**Data extracts:**
--- --- ---

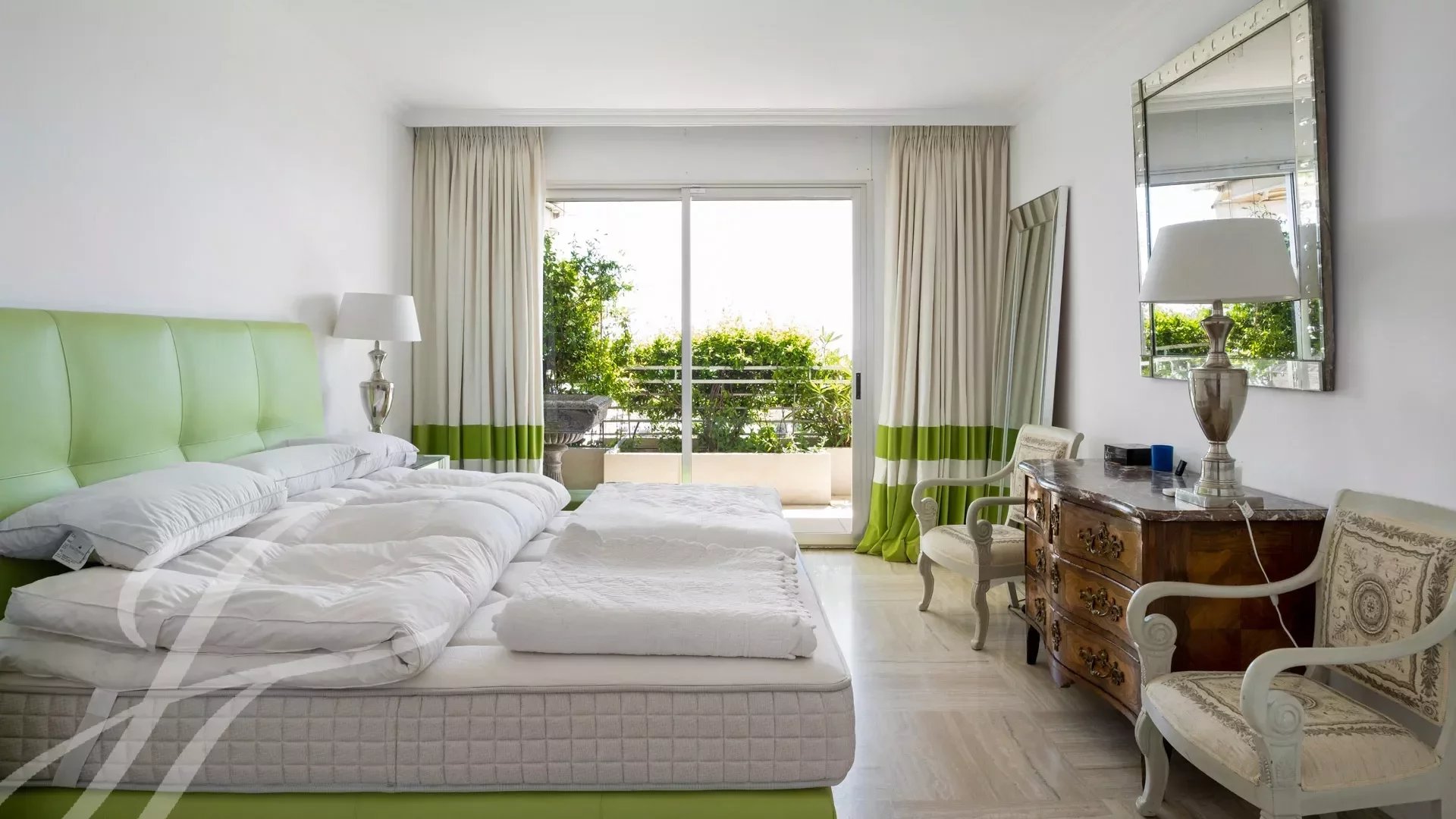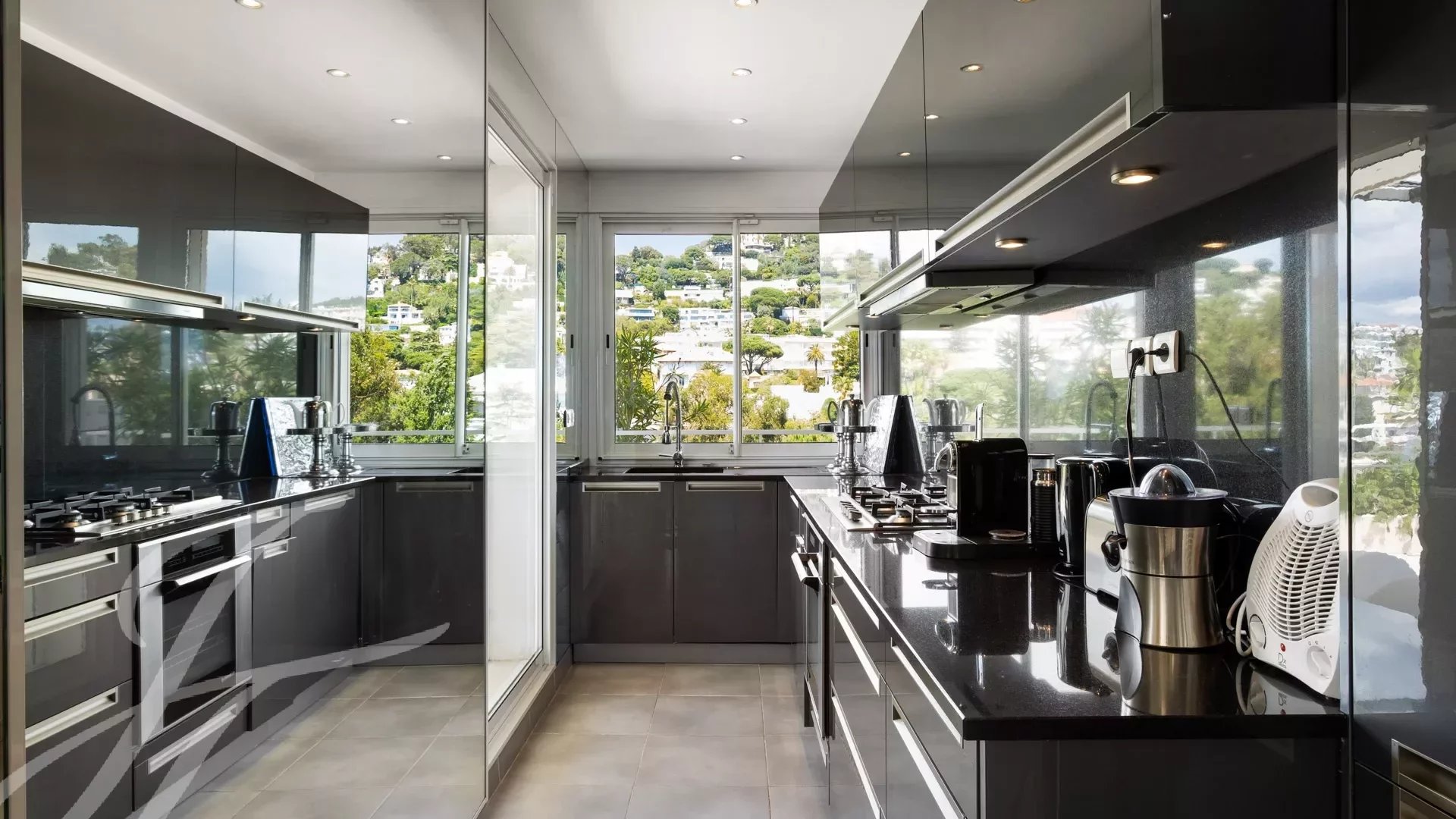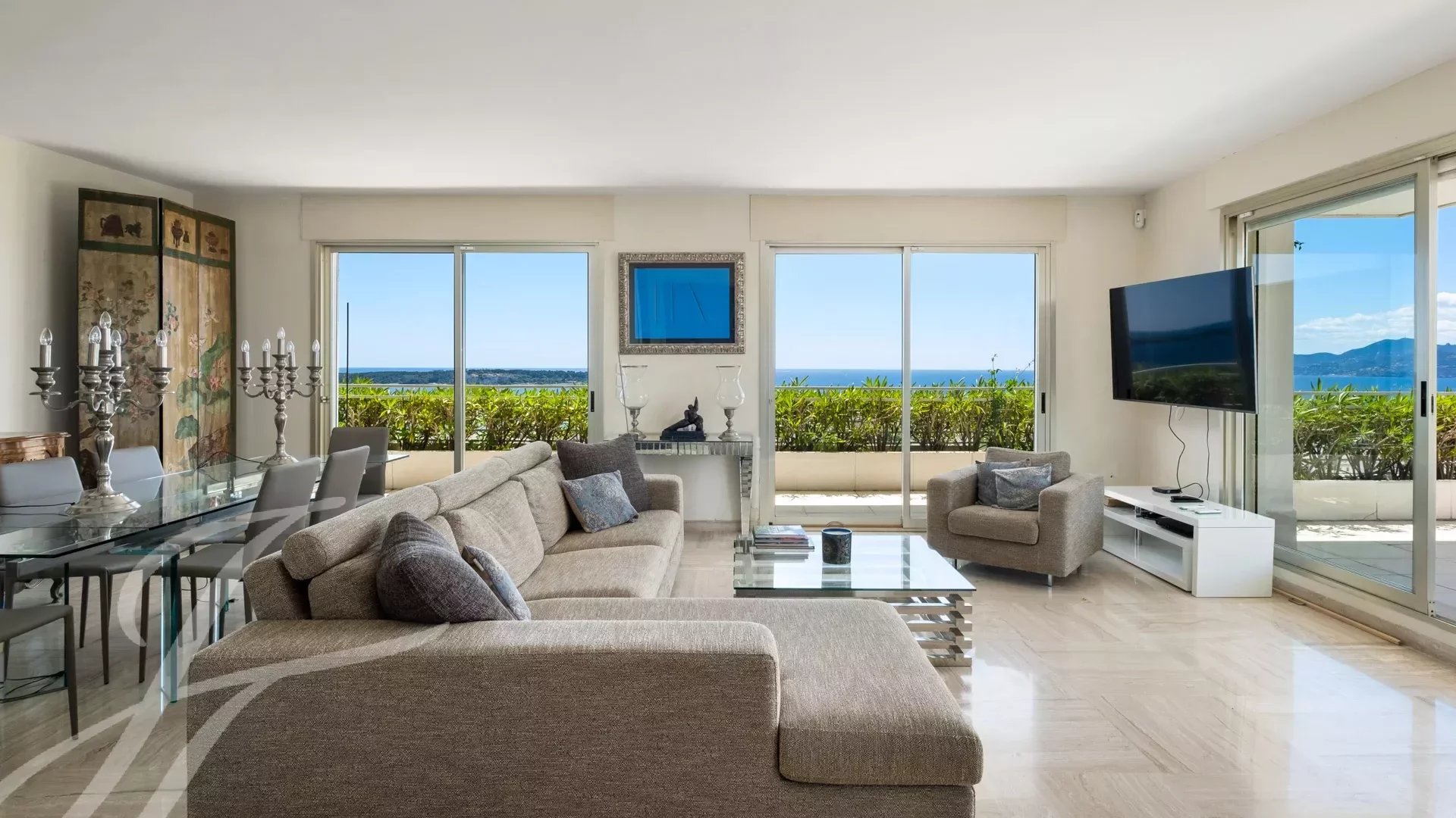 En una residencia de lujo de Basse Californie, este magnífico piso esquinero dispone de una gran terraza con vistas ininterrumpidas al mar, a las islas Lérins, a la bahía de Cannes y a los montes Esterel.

--- --- ---

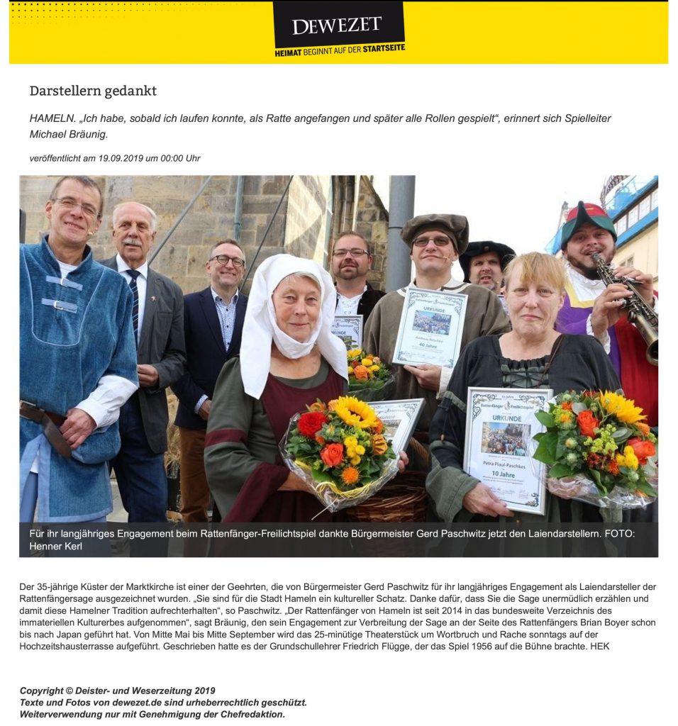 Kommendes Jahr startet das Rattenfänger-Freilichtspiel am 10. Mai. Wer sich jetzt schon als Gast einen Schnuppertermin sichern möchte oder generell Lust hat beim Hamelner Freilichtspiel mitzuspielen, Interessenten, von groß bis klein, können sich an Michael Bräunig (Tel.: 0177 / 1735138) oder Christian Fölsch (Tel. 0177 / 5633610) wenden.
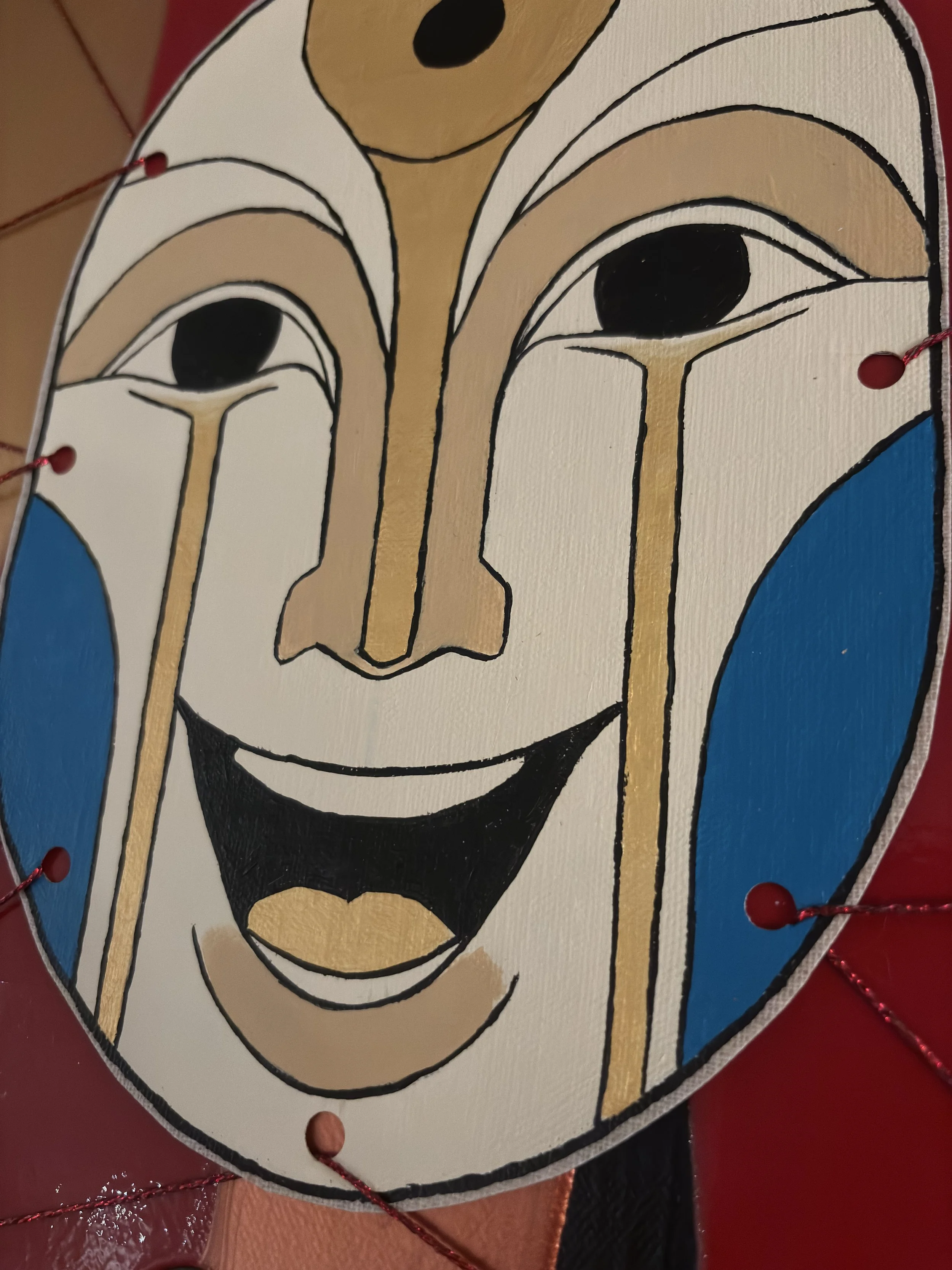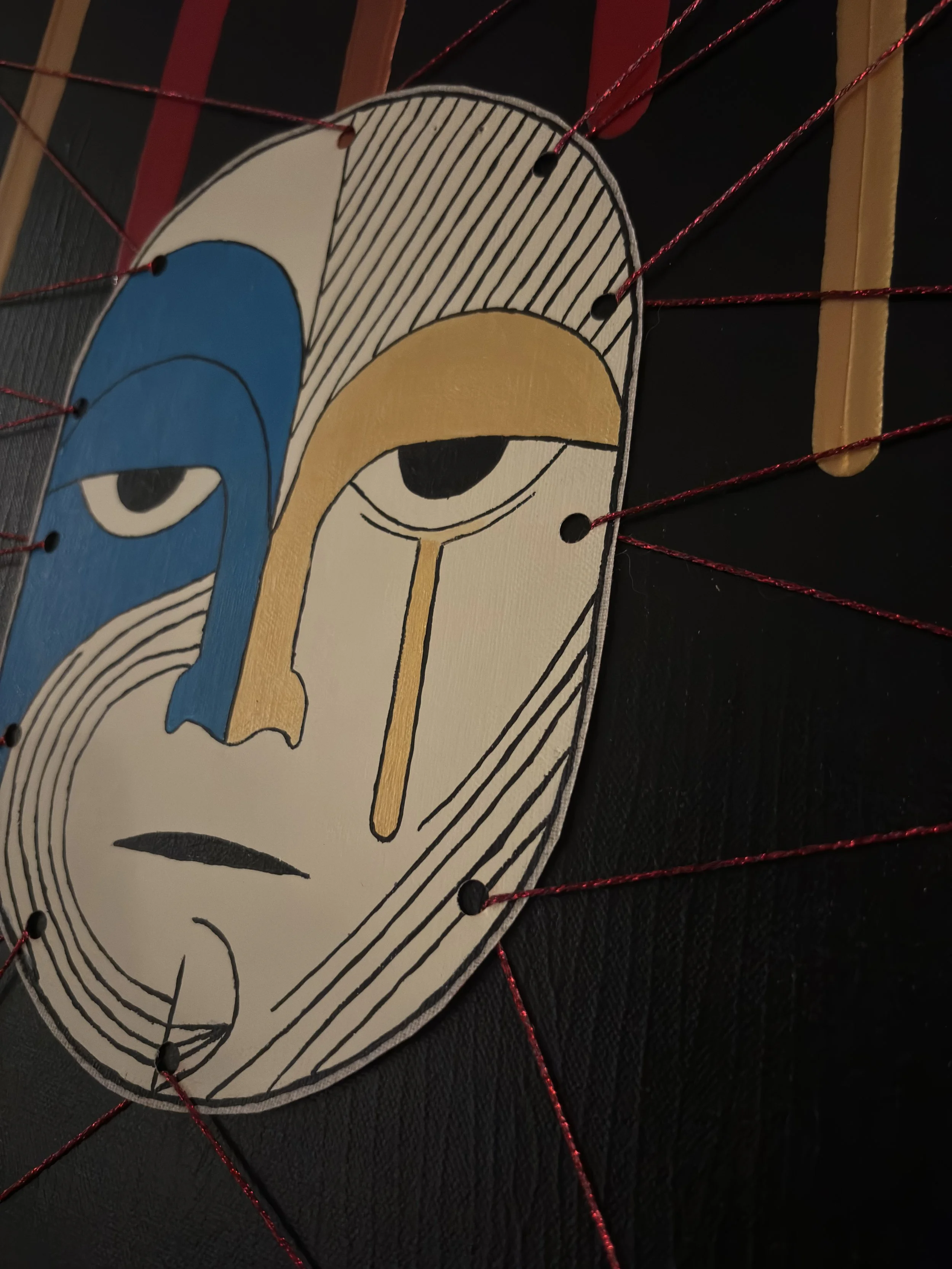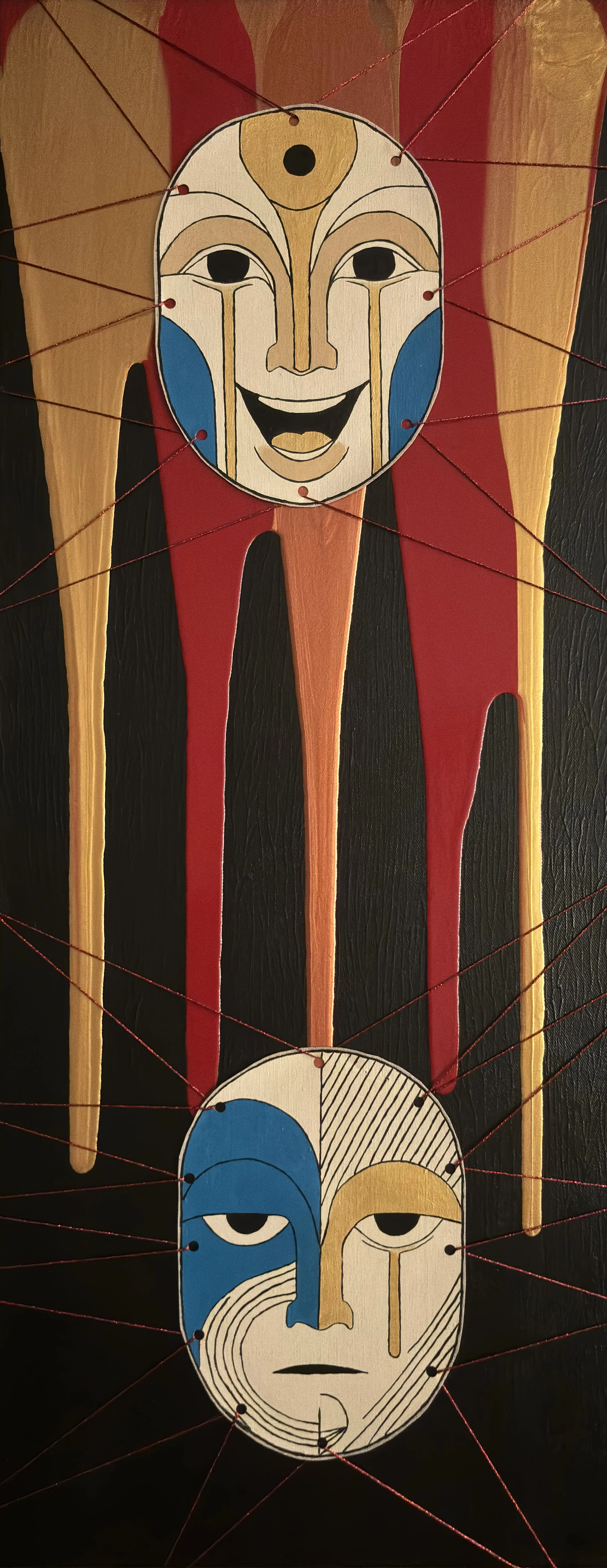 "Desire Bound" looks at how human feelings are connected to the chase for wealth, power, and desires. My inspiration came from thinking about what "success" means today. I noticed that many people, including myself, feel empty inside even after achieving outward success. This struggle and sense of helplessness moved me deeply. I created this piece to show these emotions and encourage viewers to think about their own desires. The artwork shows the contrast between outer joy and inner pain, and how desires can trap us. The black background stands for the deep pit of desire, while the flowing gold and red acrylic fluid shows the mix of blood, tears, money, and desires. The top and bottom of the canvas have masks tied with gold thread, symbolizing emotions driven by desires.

--- --- ---

**Exercise:** The answer is the lines above from the one with "Kommendes Jahr startet" to the one with "driven by desires.", set down exactly, with no pictures.

**Written answer:**
 Kommendes Jahr startet das Rattenfänger-Freilichtspiel am 10. Mai. Wer sich jetzt schon als Gast einen Schnuppertermin sichern möchte oder generell Lust hat beim Hamelner Freilichtspiel mitzuspielen, Interessenten, von groß bis klein, können sich an Michael Bräunig (Tel.: 0177 / 1735138) oder Christian Fölsch (Tel. 0177 / 5633610) wenden.
 "Desire Bound" looks at how human feelings are connected to the chase for wealth, power, and desires. My inspiration came from thinking about what "success" means today. I noticed that many people, including myself, feel empty inside even after achieving outward success. This struggle and sense of helplessness moved me deeply. I created this piece to show these emotions and encourage viewers to think about their own desires. The artwork shows the contrast between outer joy and inner pain, and how desires can trap us. The black background stands for the deep pit of desire, while the flowing gold and red acrylic fluid shows the mix of blood, tears, money, and desires. The top and bottom of the canvas have masks tied with gold thread, symbolizing emotions driven by desires.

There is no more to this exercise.